Читаем The Night Manager полностью

Yet of all those present at the Fiddler's Club that night, only the leftover lawyer Harry Palfrey had any notion of the scope of Rex Goodhew's crusade. Palfrey was a degenerate. In every British organisation there is always one man who makes an art form of going to the devil, and in this one respect Hairy Palfrey was the River House's prize exhibit. Whatever he had done well in the first half of his life, Palfrey had systematically undone in the second ― whether it was his law practice, his marriage or the preservation of his pride, of which the last shameful tatters lingered in his apologetic grin. Why Darker kept him on, why anybody did, was no mystery at all: Palfrey was the failure who made everyone look successful by comparison.

Nothing was too humble for him, nothing too demeaning. If there was scandal, Palfrey was ever willing to be slaughtered. If murder was to be done, Palfrey was on hand with a bucket and cloth to mop up the blood and find you three eyewitnesses to say you were never there. And Palfrey, with the wisdom of the corrupt, knew Rex Goodhew's story as if it were his own ― which in a sense it was, since he had long ago made the same perceptions as Goodhew, even if he had never had the courage to draw the same conclusions.

The story was that after twenty-five years before the Whitehall mast, something inside Goodhew had discreetly snapped.

Perhaps it was the ending of the Cold War that had caused it.

Goodhew had the modesty not to know.

The story was that one Monday morning Goodhew woke as usual and decided with no premeditation that for far too long, in the misused name of freedom, he had been sacrificing scruple and principle to the great god expediency, and that the excuse for doing so was dead.

And that he was suffering from all the bad habits of the Cold War without their justification. He must mend his ways or perish in his soul. Because the threat outside the gates had gone. Decamped. Vanished.

But where to begin? A perilous bicycle ride supplied him with his answer. On the same rainy February morning, the eighteenth ― Rex Goodhew never forgot a date ― he was cycling from his home in Kentish Town to Whitehall as usual, weaving between the choked columns of commuter cars, when he experienced a silent epiphany. He would crop the secret octopus.

He would give away its powers to separate, smaller agencies and make each of them separately accountable. He would deconstruct, decentralise, humanise. And he would begin with the most corrupting influence of all: the unholy marriage between Pure Intelligence, Westminster and the covert weapons trade, presided over by Geoffrey Darker of the River House.

* * *

How did Harry Palfrey know all this? Goodhew had told him. Goodhew, out of his Christian decency, had invited Palfrey to Kentish Town at summer weekends to drink Pimm's in the garden and play silly cricket with the kids, well aware that, in his shabby, grinning way, Palfrey was near the dangerous edge. And after dinner, Goodhew had left Palfrey at the table with his wife so that he could pour out his soul to her, because there is nothing that dissolute men like better than confessing themselves to virtuous women.

And it was in the afterglow of one such luxurious unbaring that Harry Palfrey, with pathetic alacrity, volunteered to become Goodhew's informant on the backstairs machinations of certain wayward barons at the River House.

FIVE

Zürich huddled low beside the lake, shivering under a freezing grey cloud.

"My name's Leonard," Burr announced, hauling himself out of Quayle's office chair like someone about to intervene in a brawl. "I do crooks.

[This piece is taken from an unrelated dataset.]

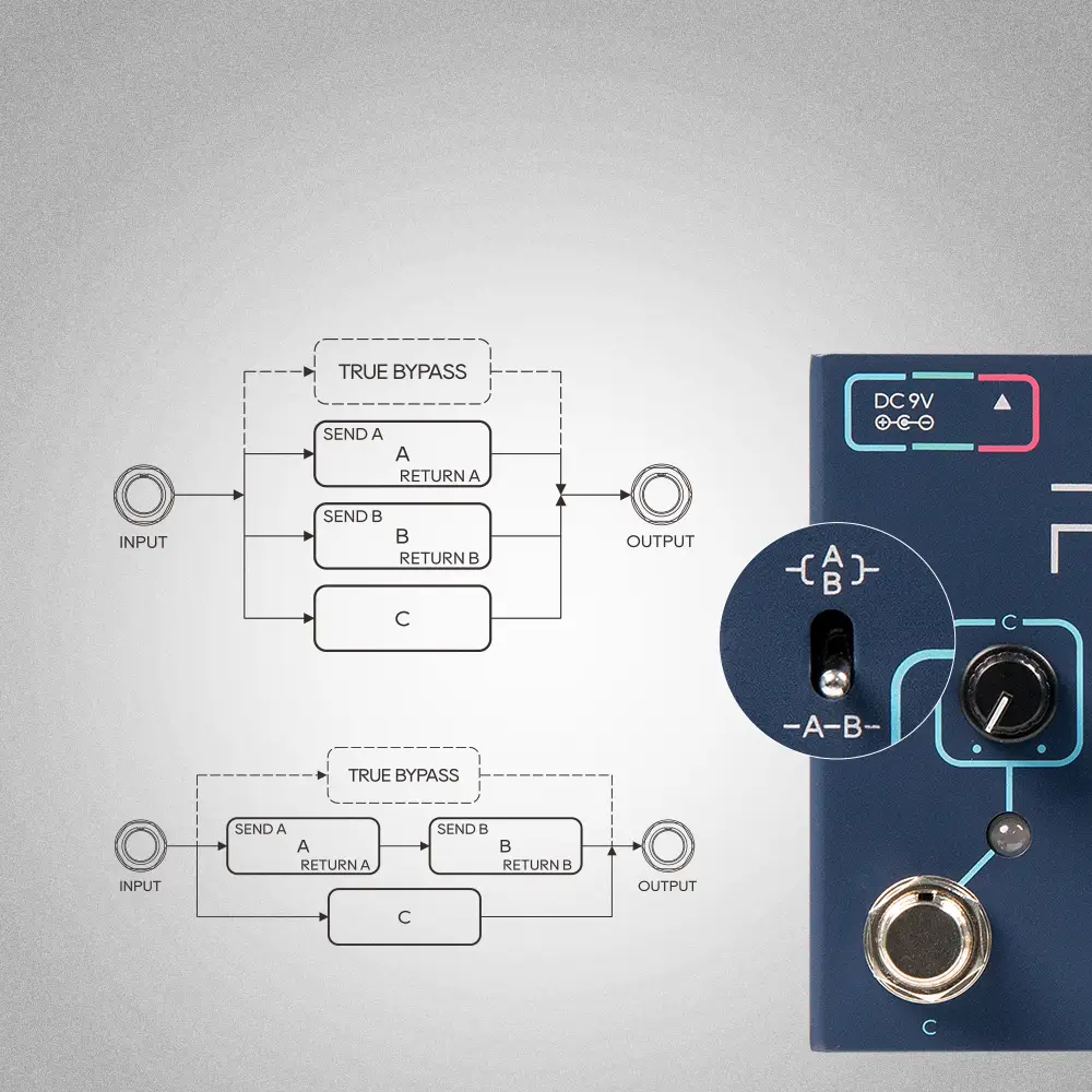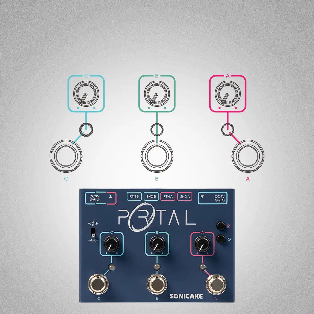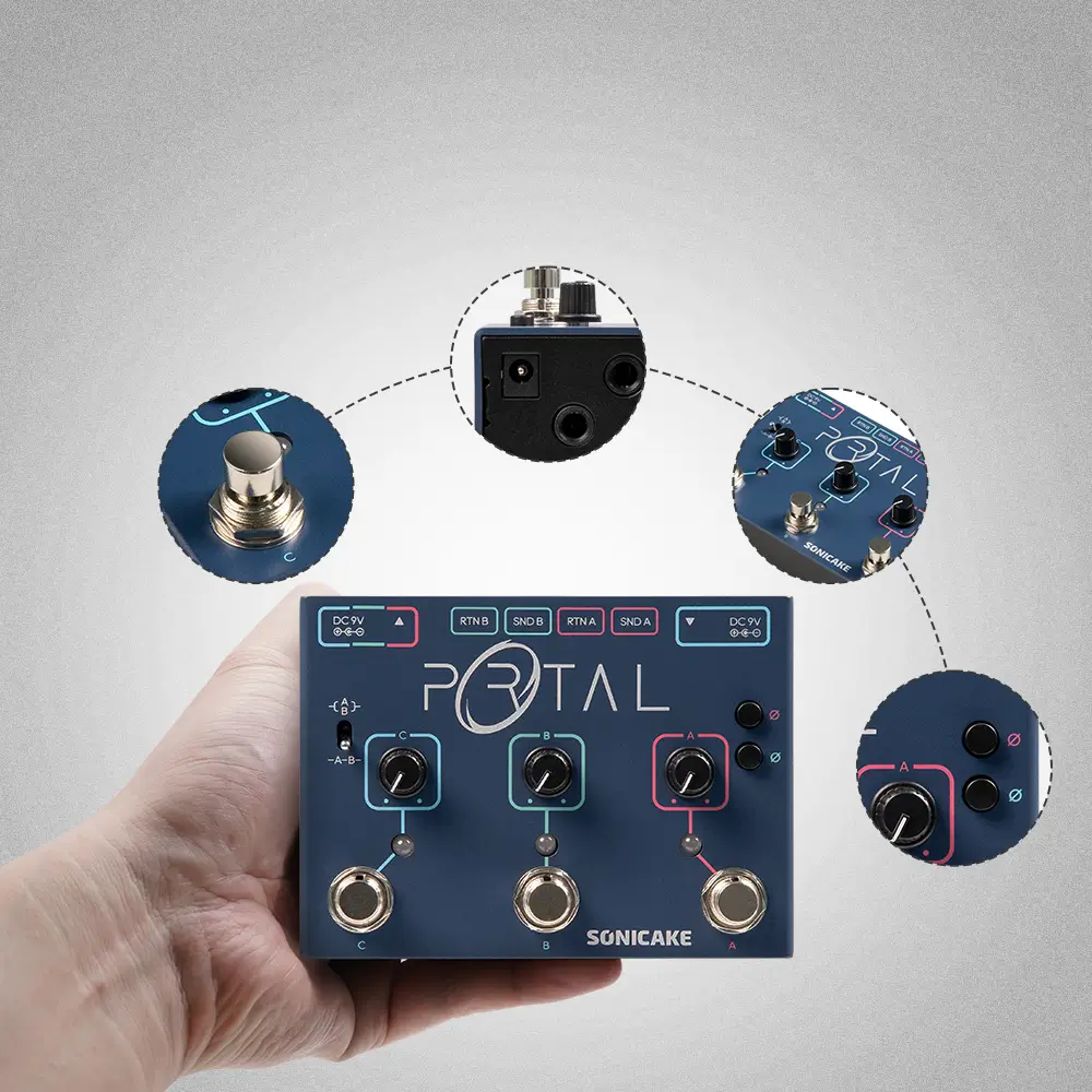 Portal is an active signal mixer with two working modes: parallel and series. In parallel mode, the signal mixer has two send/return loops and one main output, which can combine three independent inputs into one, or can be used as an active ABY as needed. In series mode, A and B are series channels. When the A/B switch is closed, channel A or B is bypassed. When all three switches are closed, it is true bypass.

Smoke? Here. Poison yourself."

He made the offer sound so much like a jovial conspiracy that Jonathan obeyed at once and ― though he smoked rarely and always regretted it afterwards ― took a cigarette. Burr drew a lighter from his pocket, cocked it and fired it at Jonathan's face.

"I expect you think we let you down, don't you?" he said, going for the point of most resistance. "You and Ogilvey had quite a how-d'you-do before you left Cairo, if I'm correct."

I thought you let her down, Jonathan almost replied. But his guard was up, so he gave his hotelier's smile and said, "Oh, nothing terminal, I'm sure."

Burr had thought carefully about this moment and decided on attack as his best defence. Never mind he harboured the worst suspicions of Ogilvey's part in the affair: this was no moment to suggest he was speaking for a divided house.